(AUSTIN, TX) -- After two years of falling prices, U.S. housing is undervalued in most markets, according to a new study.
Recent data showing a miniscule 0.1 percent drop in prices in the fourth quarter "indicates that the housing market is still working towards -- and is close to achieving--stabilization," concludes the House Prices in America report prepared by IHS Global Insight and PNC Financial Services Group.
None of the major U.S. metro markets were rated as significantly overvalued by the study. In contrast, 137 of 330 metro areas were listed as overvalued during the peak bubble years.
While these types of reports are often easily dismissed, it's worth noting that the IHS study correctly spotted vast over-valuations in 2005 and 2006, offering signals that the bubble was about to burst.

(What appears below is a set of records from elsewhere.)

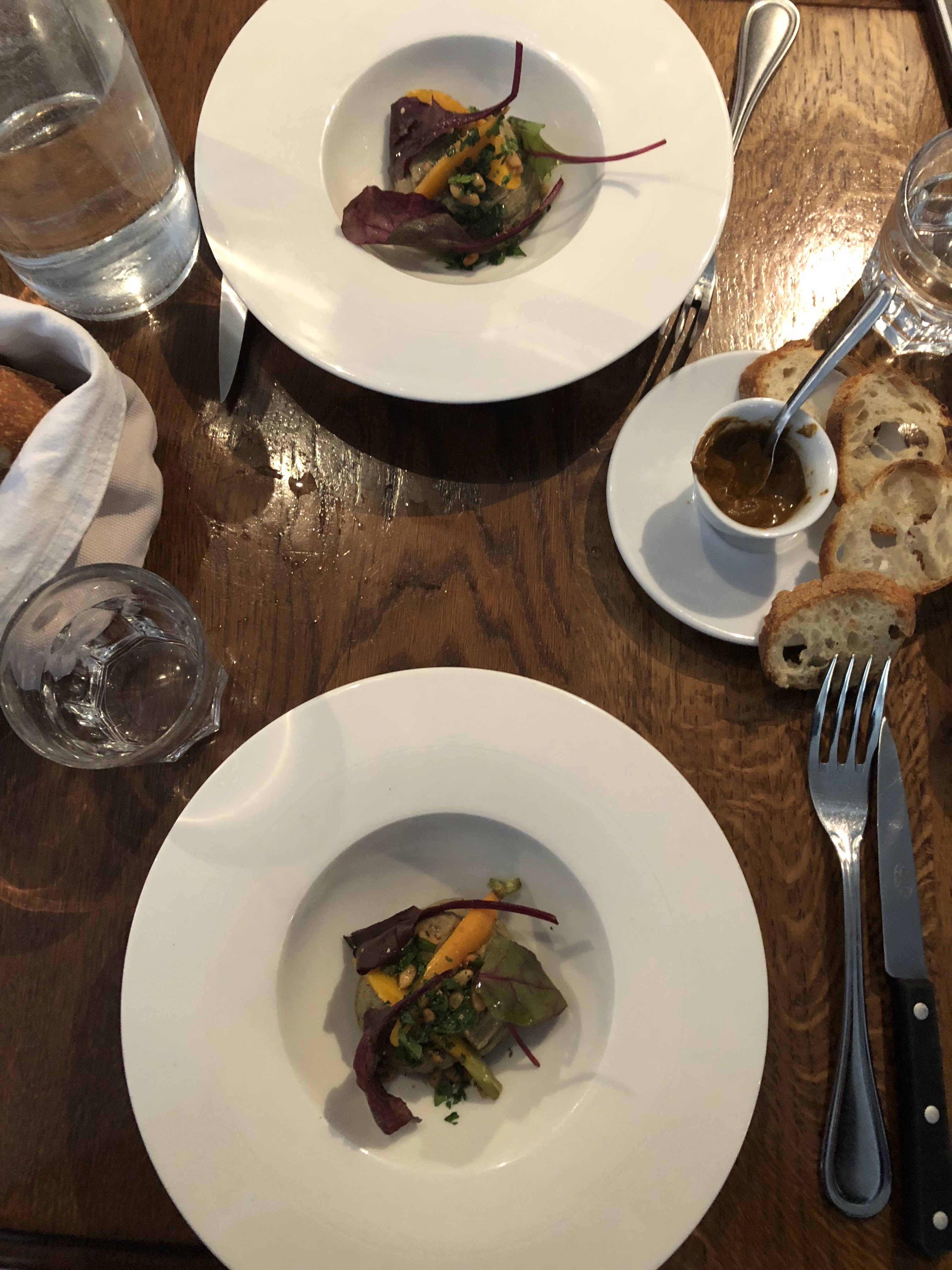 Merveilleux restaurant. Ambiance très agréable et service attentionné. Excellent velouté de carottes, suivi d'un excellent plat de poisson et d'un dessert à la rhubarbe. Nous avons opté pour les options plus petites pour le plat principal, qui étaient parfaitement suffisantes.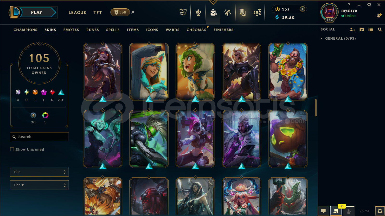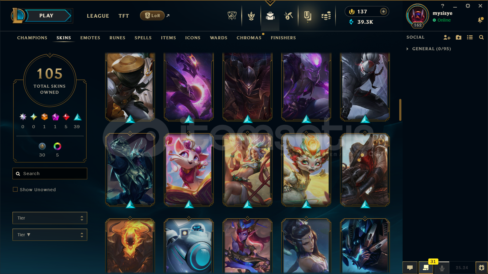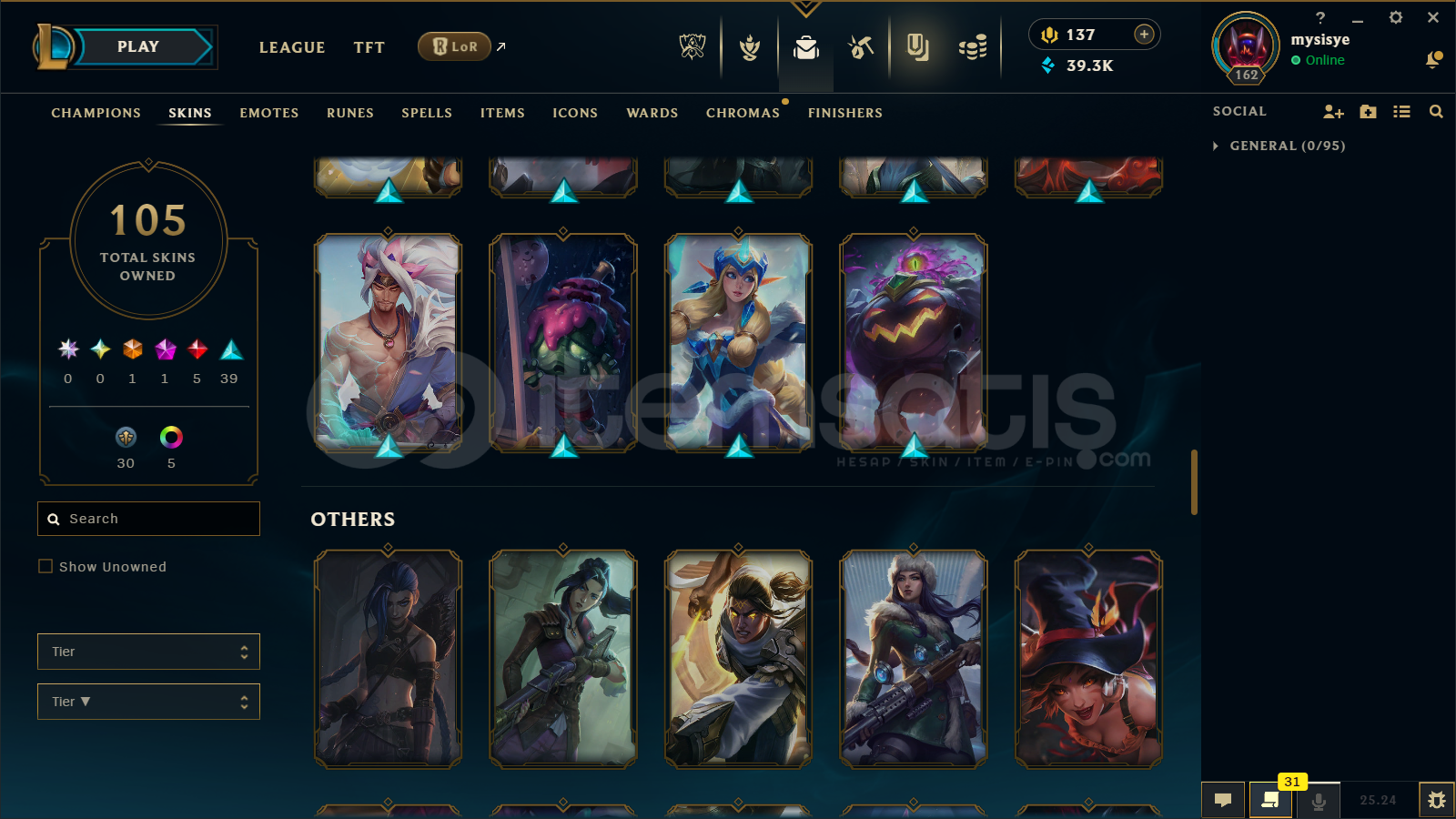 🔷 League of Legends Bilgileri🔹 Sunucu: EUW🔹 Level: 162🔹 Sıralama:• Tek/Çift: Unranked• Esnek 5v5: Unranked🔹 Mavi Öz: 39300🔹 Şampiyon Sayısı : 160🔹 Kostüm Sayısı: 105📊 OP.GG Profili : https://op.gg/tr/lol/summoners/euw/mysisye-EUW✅ Hesaplarımın Tamamen ArkasındayımPiyasadaki bir...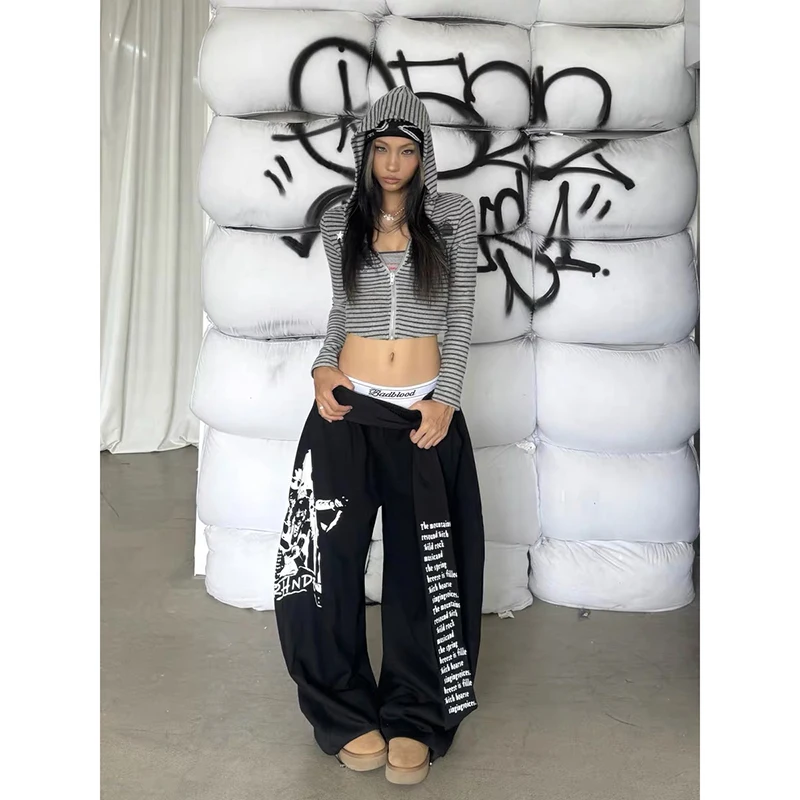 ZHIZOU Women Gray Gothic Baggy Y2k Letter Print Pants Harajuku 2000s Vintage Oversize Sweatpants Wide Leg Trousers Autumn 2025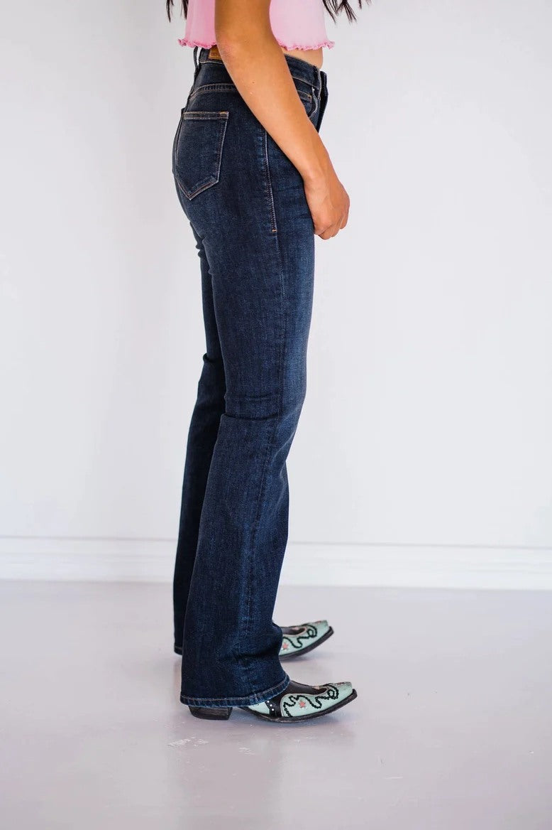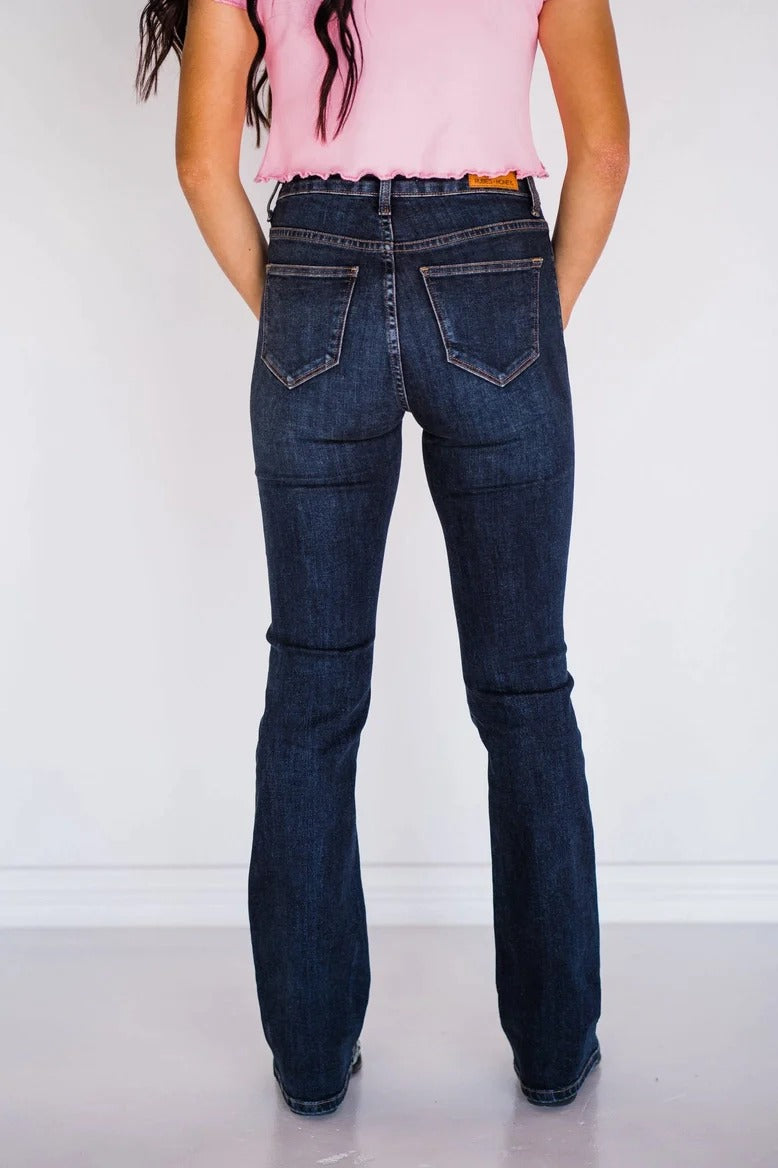 It's boot season! Non-distressed dark wash bootcut jeans are perfect for Winter and all those cute booties! Plus, these jeans hug you in all the right places to boost your confidence in that rockin' outfit.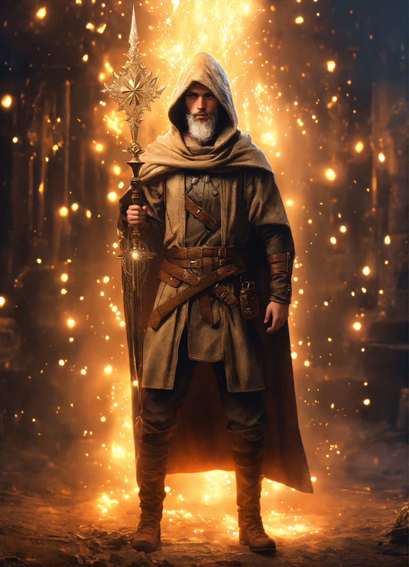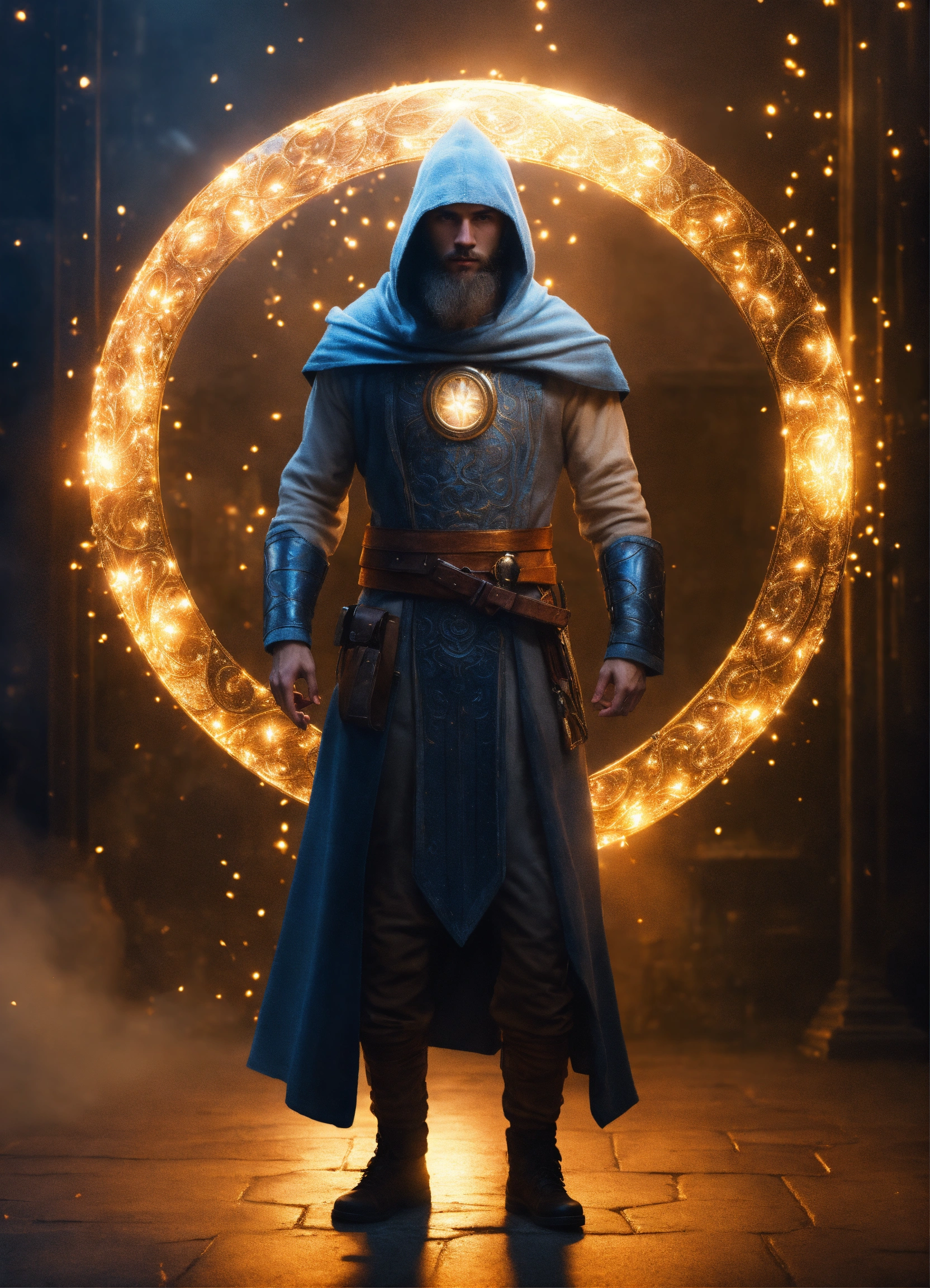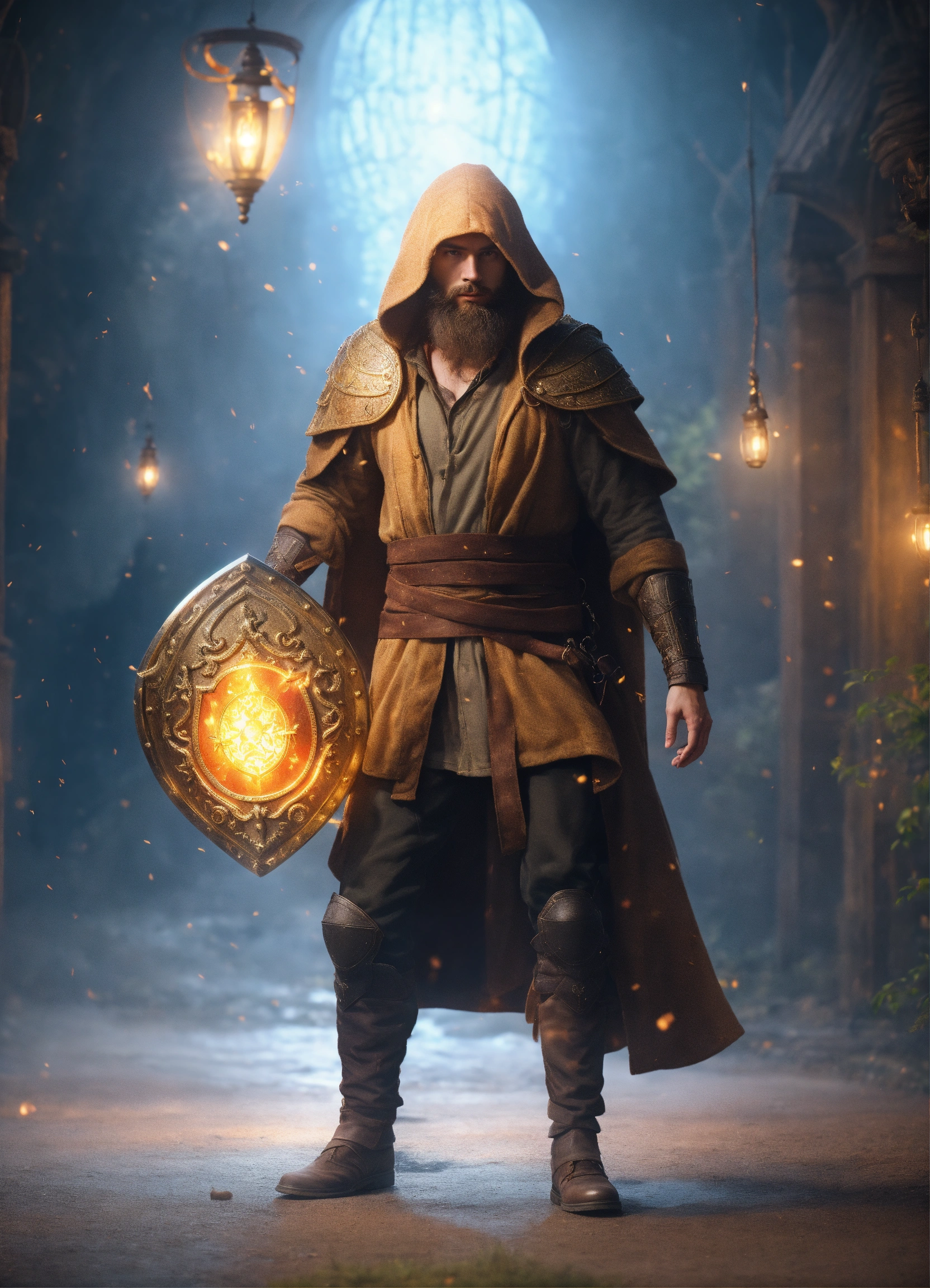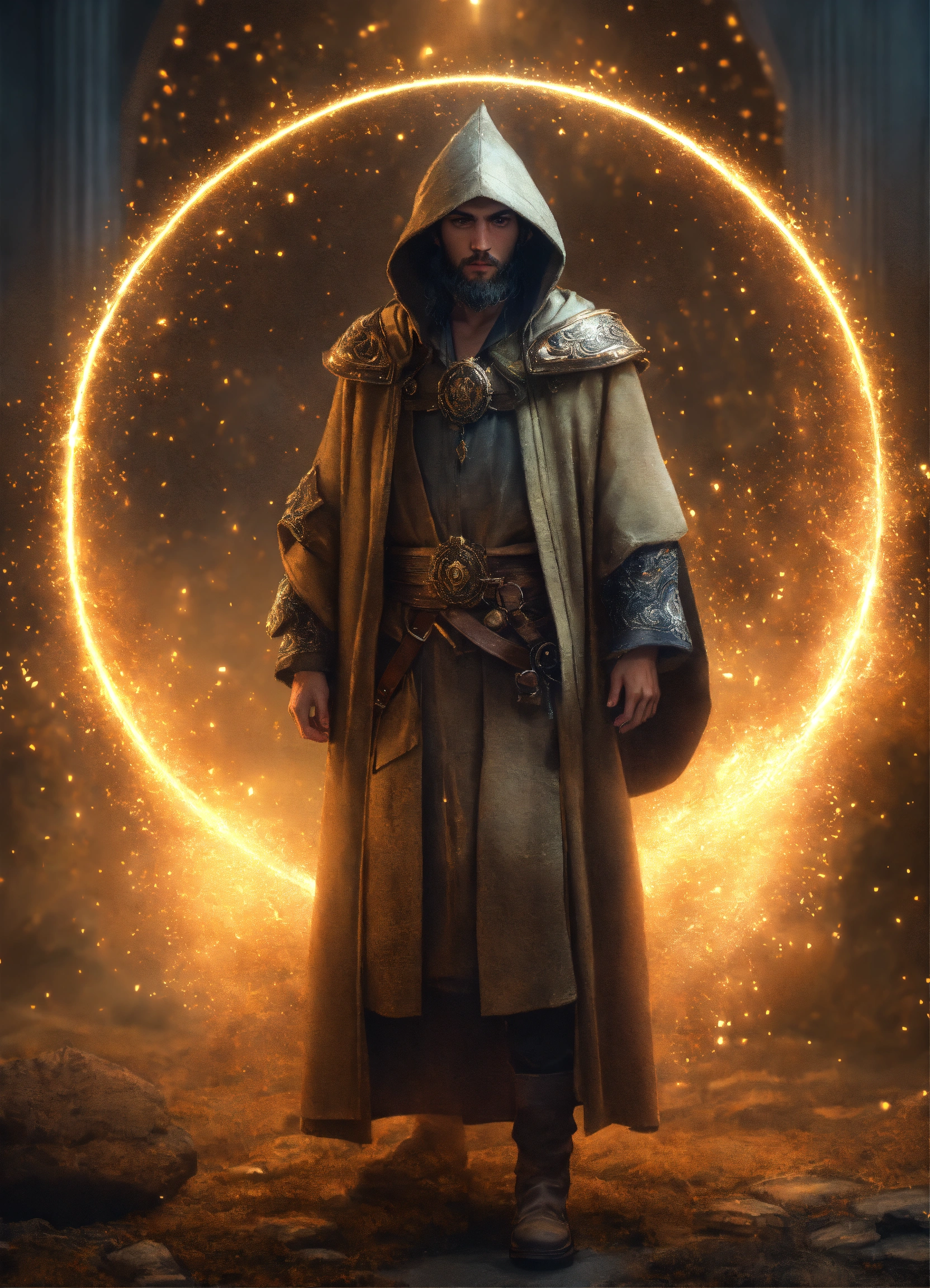 A realistic full body portrait of a young male hermit, mystical powers, magic shield, neutral background, moody, photorealistic, cinematic scene, super detailed, hyper realistic, bright lights, 8 k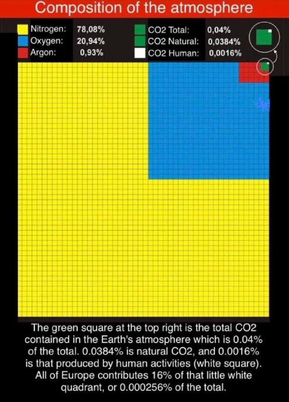 Este pequeno quadrado branco representa o CO2 produzido pelo homem: 0,0016% da atmosfera. Enquanto isso, eles nos taxam, nos ameaçam, nos condicionam e controlam todos os aspectos de nossas vidas com base em uma farsa alarmista sobre as “mudanças climáticas”. Emissões líquidas zero significam o fim da vida neste planeta. Mostre isso aos seus amigos idiotas alarmistas climáticos. Todo o envenenamento dos céus com Chemtrails se baseia nessa farsa ambientalista do CO2.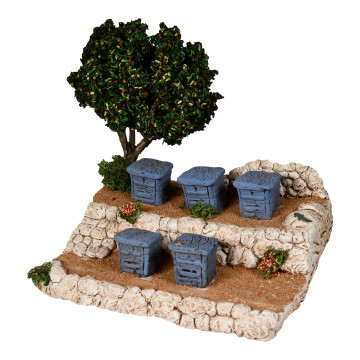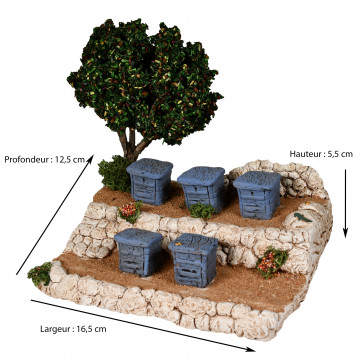 Ce décor de crèche provençale est idéal pour accueillir vos santons : l’apiculteur, les paysans, les bergers ou encore les animaux. Chaque détail – pierres, végétation, ruche – est travaillé avec soin pour donner vie à vos scènes et enrichir votre univers de santons de Provence.

In 2005 the study identified 52 metro markets as extremely over-valued, primarily in California and Florida. For example, Miami was listed as 49.4 percent overvalued and prices subsequently fell 35.8 percent. Thirty-one metro areas have posted declines of greater than 40 percent from their peaks, the study found.
Although overall the U.S. is now seen as undervalued, the study still found some markets that are rated as over-valued. For example, Honolulu is still overvalued by 13.6 percent and Spokane, Washington, is 13.1 percent overvalued, the study found.